START SUPPLIED MATERIAL

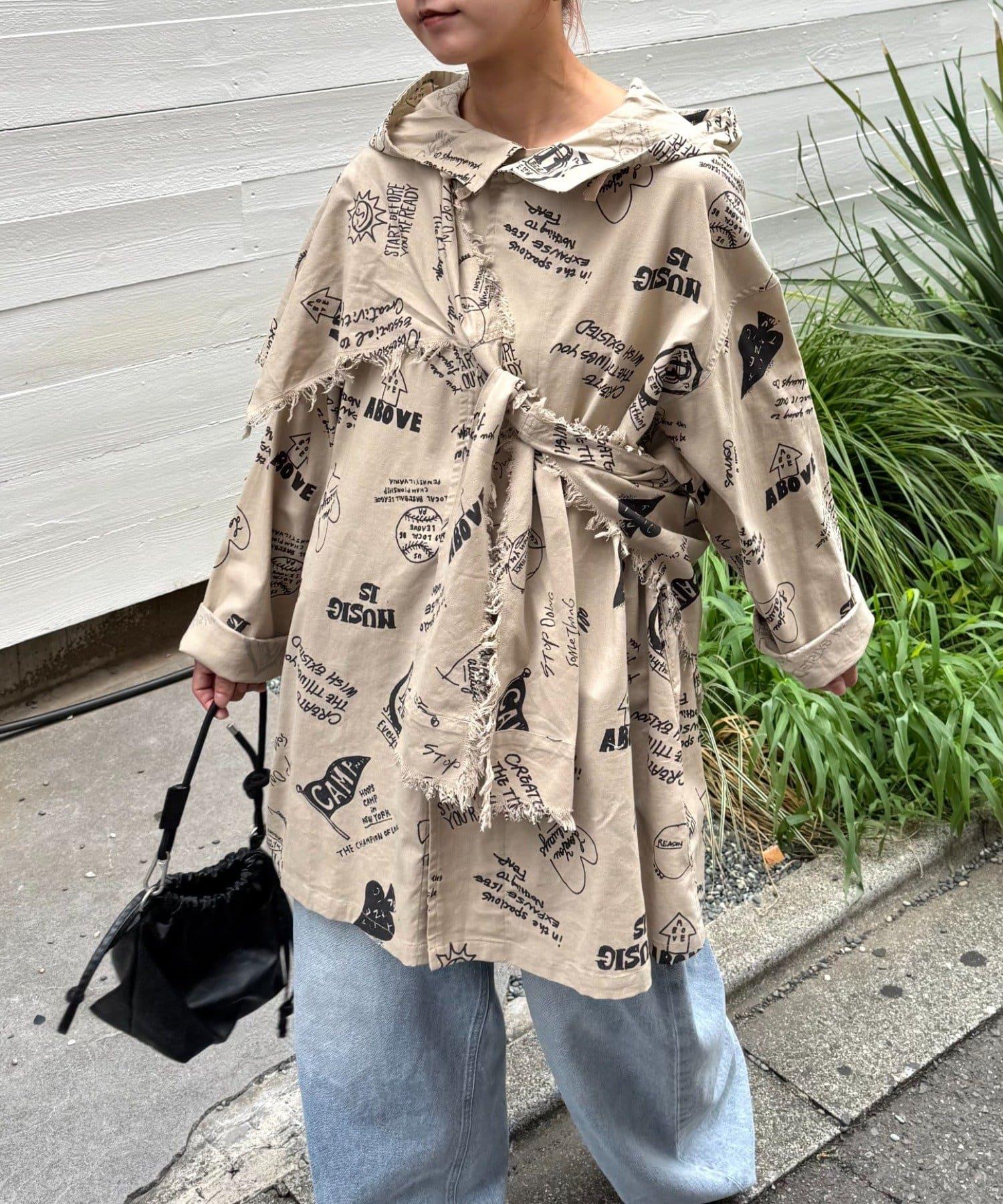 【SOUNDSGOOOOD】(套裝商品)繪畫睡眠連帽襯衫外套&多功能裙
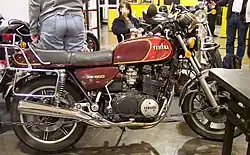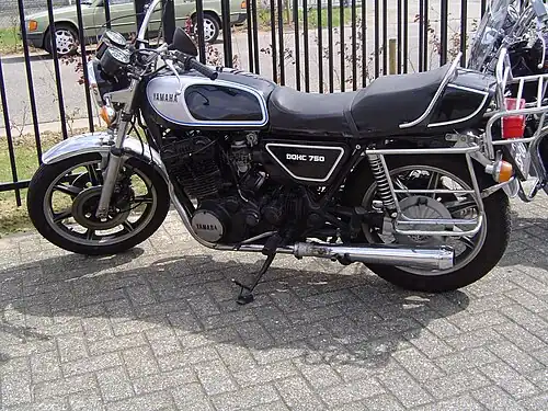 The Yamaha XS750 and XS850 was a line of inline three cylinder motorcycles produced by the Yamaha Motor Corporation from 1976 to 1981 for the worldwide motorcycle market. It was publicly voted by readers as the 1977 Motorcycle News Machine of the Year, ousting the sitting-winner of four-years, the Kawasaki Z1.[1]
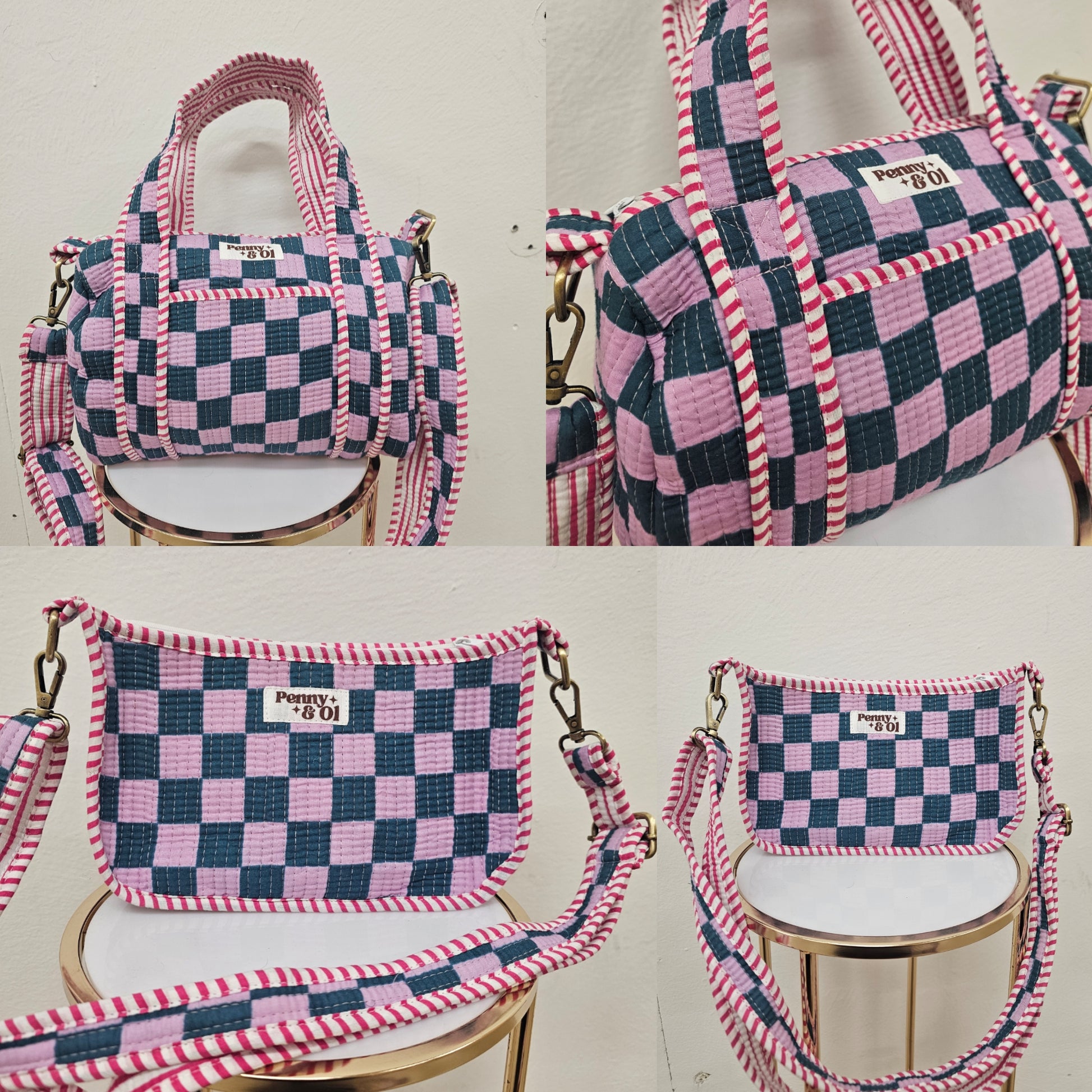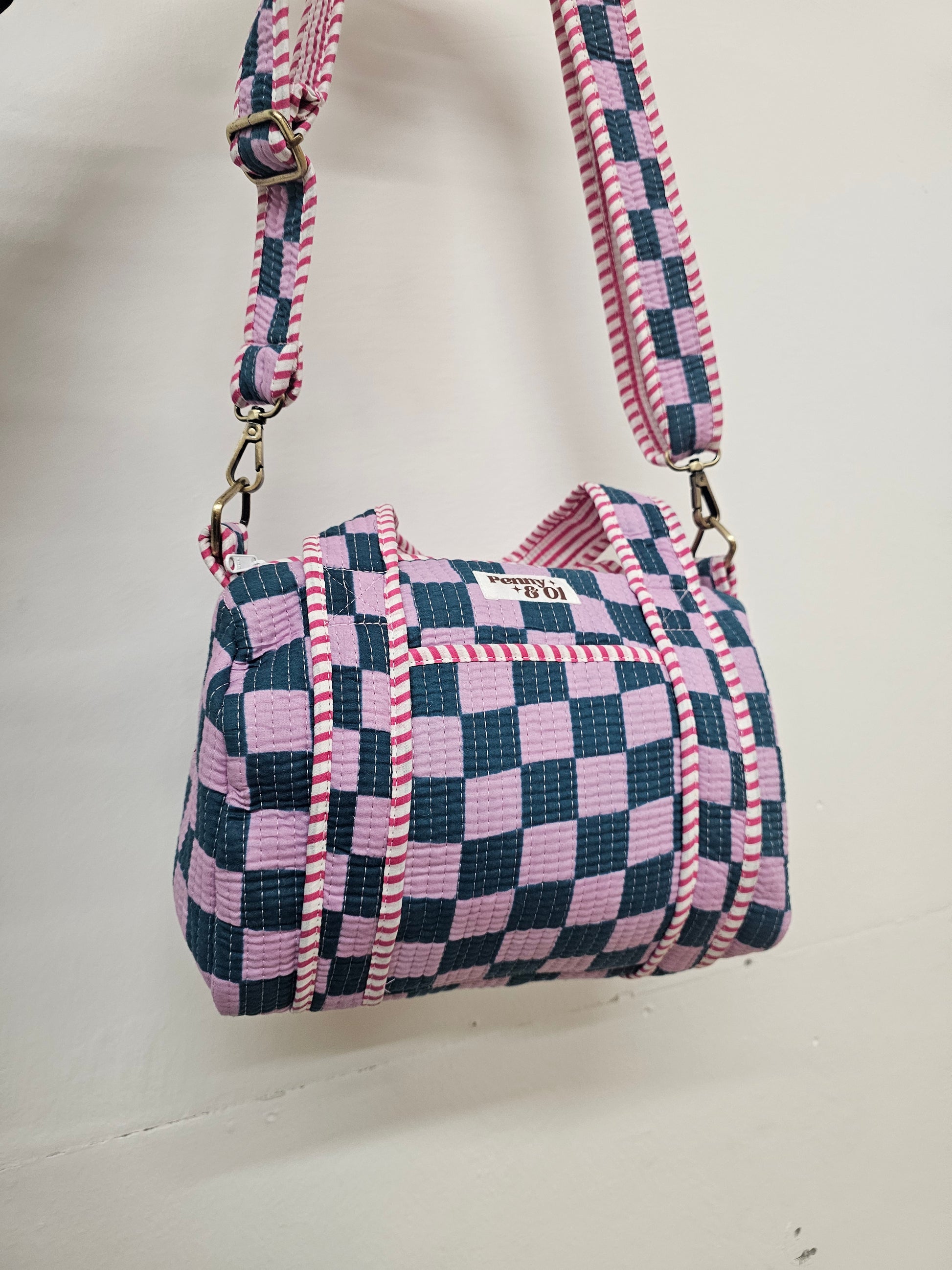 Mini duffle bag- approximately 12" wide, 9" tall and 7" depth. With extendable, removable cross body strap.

END SUPPLIED MATERIAL

TASK STATEMENT:
Give back the entire listing verbatim, without the pictures.

RESPONSE TO THIS EXERCISE:
 【SOUNDSGOOOOD】(套裝商品)繪畫睡眠連帽襯衫外套&多功能裙
 The Yamaha XS750 and XS850 was a line of inline three cylinder motorcycles produced by the Yamaha Motor Corporation from 1976 to 1981 for the worldwide motorcycle market. It was publicly voted by readers as the 1977 Motorcycle News Machine of the Year, ousting the sitting-winner of four-years, the Kawasaki Z1.[1]
 Mini duffle bag- approximately 12" wide, 9" tall and 7" depth. With extendable, removable cross body strap.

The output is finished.